Using the obtained composition, a water-repellent film was formed on the same glass substrate as in Example 10, and a water-repellent film exhibiting super water-repellency and extremely good water droplet dropping property was formed. The blending amount of the composition, and the measurement results of contact angle, drop angle, total light transmittance, and haze are listed in Table 5.
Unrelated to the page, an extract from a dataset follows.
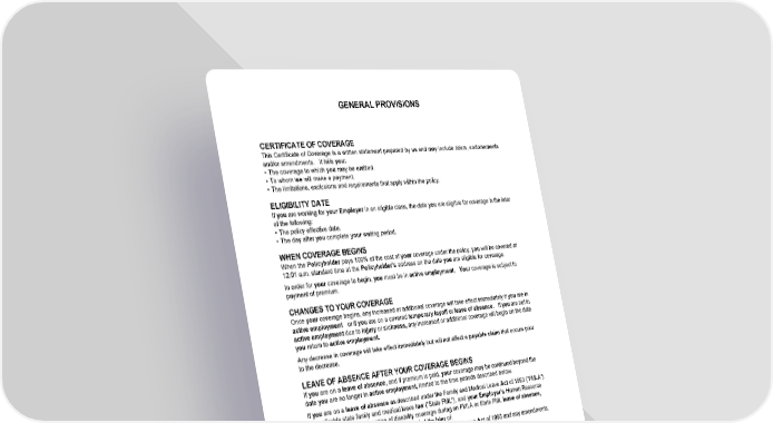 GENERAL PROVISIONS HC13GPIN 10 B-21113 (11/25) CERTIFICATE OF COVERAGE This Certificate of Coverage is a written statement prepared by us and may include riders, endorsements and/or amendments. It tells you: • The coverage to which you may be entitled. • To whom we will make a payment. • The limitations, exclusions and requirements that apply within the policy. ELIGIBILITY DATE If you are working for your Employer in an eligible class, the date you are eligible for coverage is the later of the following: • The policy effective date. • The day after you complete your waiting period. WHEN COVERAGE BEGINS When the Policyholder pays 100% of the cost of your coverage under the policy, you will be covered at 12:01 a.m. standard time at the Policyholder's address on the date you are eligible for coverage. In order for your coverage to begin, you must be in active employment. Your coverage is subject to payment of premium. CHANGES TO YOUR COVERAGE Once your coverage begins, any increased or additional coverage will take effect immediately if you are in active employment or if you are on a covered temporary layoff or leave of absence. If you are not in active employment due to injury or sickness, any increased or additional coverage will begin on the date you return to active employment. Any decrease in coverage will take effect immediately but will not affect a payable claim that occurs prior to the decrease. LEAVE OF ABSENCE AFTER YOUR COVERAGE BEGINS If you are on a leave of absence, and if premium is paid, your coverage may be continued beyond the date you are no longer in active employment, limited to the time periods described below. If you are on a leave of absence as described under the Family and Medical Leave Act of 1993 ("FMLA") or applicable state family and medical leave law ("State FML"), and your Employer's Human Resource Policy provides for continuation of disability coverage during an FMLA or State FML leave of absence, your coverage will be continued until the end of the later of: • The leave period permitted by the federal Family and Medical Leave Act of 1993 and any amendments. • The leave period permitted by applicable state law. If you are on a leave of absence other than an FMLA or State FML leave of absence, and if premium is paid, your coverage will be continued through the end of the 2 months that immediately follows the month in which your leave of absence begins. If you are on a leave of absence for active military service as described under the Uniformed Services Employment and Reemployment Rights Act of 1994 (USERRA) and applicable state law, your coverage may be continued until the end of the later of: • The length of time the coverage may be continued under the Certificate of Coverage for an FMLA or State FML leave of absence. • The length of time the coverage may be continued under the Certificate of Coverage for a leave of absence other than an FMLA or State FML leave of absence. If your Employer has approved more than one type of leave of absence for you during any one period that you are not in active employment, we will consider such leaves to be concurrent for the purpose of determining how long your coverage may continue under the policy.

[Example 15] A water-repellent film-forming composition was obtained by method B in the same manner as in Example 14, except that the compounding amount of the composition was changed as shown in Table 5. Using the obtained composition, a water-repellent coating was formed on the same glass substrate as in Example 14, and a water-repellent coating exhibiting super water-repellency and extremely good water droplet dropping properties was formed. The blending amount of the composition, and the measurement results of contact angle, drop angle, total light transmittance, and haze are listed in Table 5.
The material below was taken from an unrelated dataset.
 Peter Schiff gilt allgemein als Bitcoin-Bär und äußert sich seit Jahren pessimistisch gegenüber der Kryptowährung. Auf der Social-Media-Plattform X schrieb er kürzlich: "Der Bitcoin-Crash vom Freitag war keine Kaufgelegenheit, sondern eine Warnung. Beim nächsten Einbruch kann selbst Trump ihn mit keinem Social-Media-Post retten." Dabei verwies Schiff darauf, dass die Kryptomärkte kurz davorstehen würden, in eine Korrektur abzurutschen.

※2 作為合成例8所使用的燻製二氧化矽與1-三甲氧基矽氧基-1-乙氧基丙烯之調配量 ※3 組成物中之二丙二醇二甲醚全量

※2 The blending amount of fumed silica and 1-trimethoxysiloxy-1-ethoxypropene used in Synthesis Example 8. ※3 The total amount of dipropylene glycol dimethyl ether in the composition

[Example 16~18] The type of polysilazane to be added and the compounding amount of the composition were changed as shown in Table 6. In the same manner as in Example 10 or Example 14, a composition for forming a water-repellent film was obtained by method A or method B. Using the obtained composition, a water-repellent film was formed on the same glass substrate as in Example 1, and a water-repellent film exhibiting super water-repellency and extremely good water droplet dropping property was formed. The blending amount of the composition and the measurement results of contact angle, drop angle, total light transmittance, and haze are shown in Table 6.
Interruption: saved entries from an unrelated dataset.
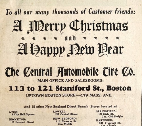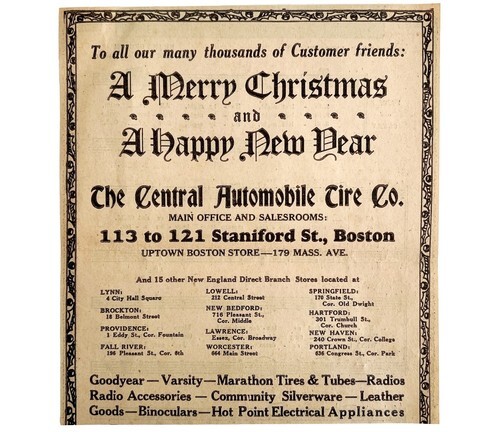 - Central Automobile Tire Co Merry Christmas Advertisement 1927 Boston DWEE3B
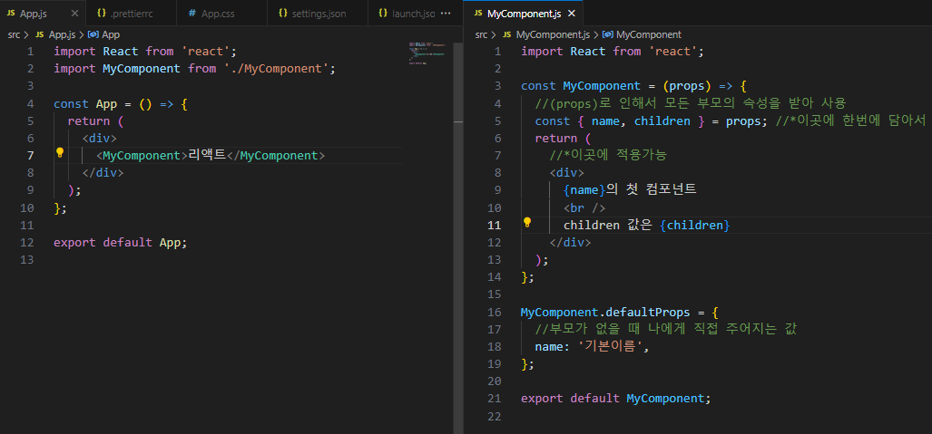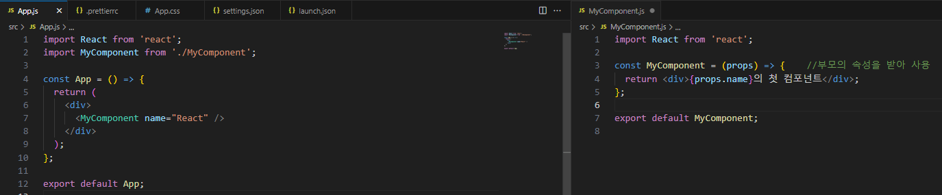 (App에서 MyComponent를 사용할 수 있는 것은 export를 사용했기 때문이다)
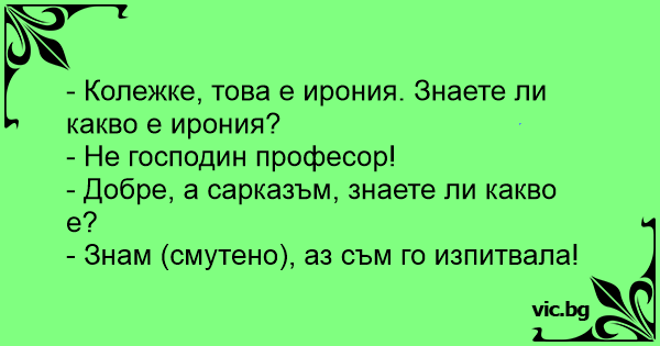 - Колежке, това е ирония. Знаете ли какво е ирония?

※1 組成物中之環戊基甲醚全量 ※3 組成物中之二丙二醇二甲醚全量

※1 The total amount of cyclopentyl methyl ether in the composition ※3 The total amount of dipropylene glycol dimethyl ether in the composition

Claims (4)

A composition for forming a water-repellent film, characterized by comprising the following components (a), (b) and (c), (a) a polysilazane represented by the following general formula (1),

(In the formula, R each represent a valent hydrocarbon group with 3 to 20 carbons that may be the same or different and may be substituted by fluorine, R ^a and R ^b each represent a hydrocarbon group with 1 to 20 carbons that may be the same or different and may be substituted by fluorine Monovalent hydrocarbon group, m is an integer from 1 to 100, n and p are each an integer from 0 to 100, but the sum of m, n and p is an integer from 4 to 300), (b) untreated metal oxide on the surface Rice particles, metal oxide nanoparticles with a 1-20 valent hydrocarbon group that can be substituted by fluorine on the surface, or metal oxide nanoparticles with alkylsilyl or alkoxysilyl groups on the surface, and (c ) Aprotic solvents. The composition for forming a water-repellent film according to claim 1, wherein (b) the metal oxide nanoparticles are surface-treated with polysilazane represented by the above general formula (1), and have silicon atoms on the surface, which can A valent hydrocarbon group with 3 to 20 carbons substituted by fluorine. The composition for forming a water-repellent film according to claim 1 or 2, wherein (b) the metal oxide nanoparticles are silicon dioxide. A water-repellent film comprising (a) polysilazane represented by the following general formula (1),

(In the formula, R each represent a valent hydrocarbon group with 3 to 20 carbons that may be the same or different and may be substituted by fluorine, R ^a and R ^b each represent a hydrocarbon group with 1 to 20 carbons that may be the same or different and may be substituted by fluorine Monovalent hydrocarbon group, m is an integer from 1 to 100, n and p are each an integer from 0 to 100, but the sum of m, n and p is an integer from 4 to 300) and (b) untreated metal oxide nano Rice particles, metal oxide nanoparticles with a carbon number of 1-20 that can be substituted by fluorine on the surface, or metal oxide nanoparticles with alkylsilyl or alkoxysilyl groups on the surface.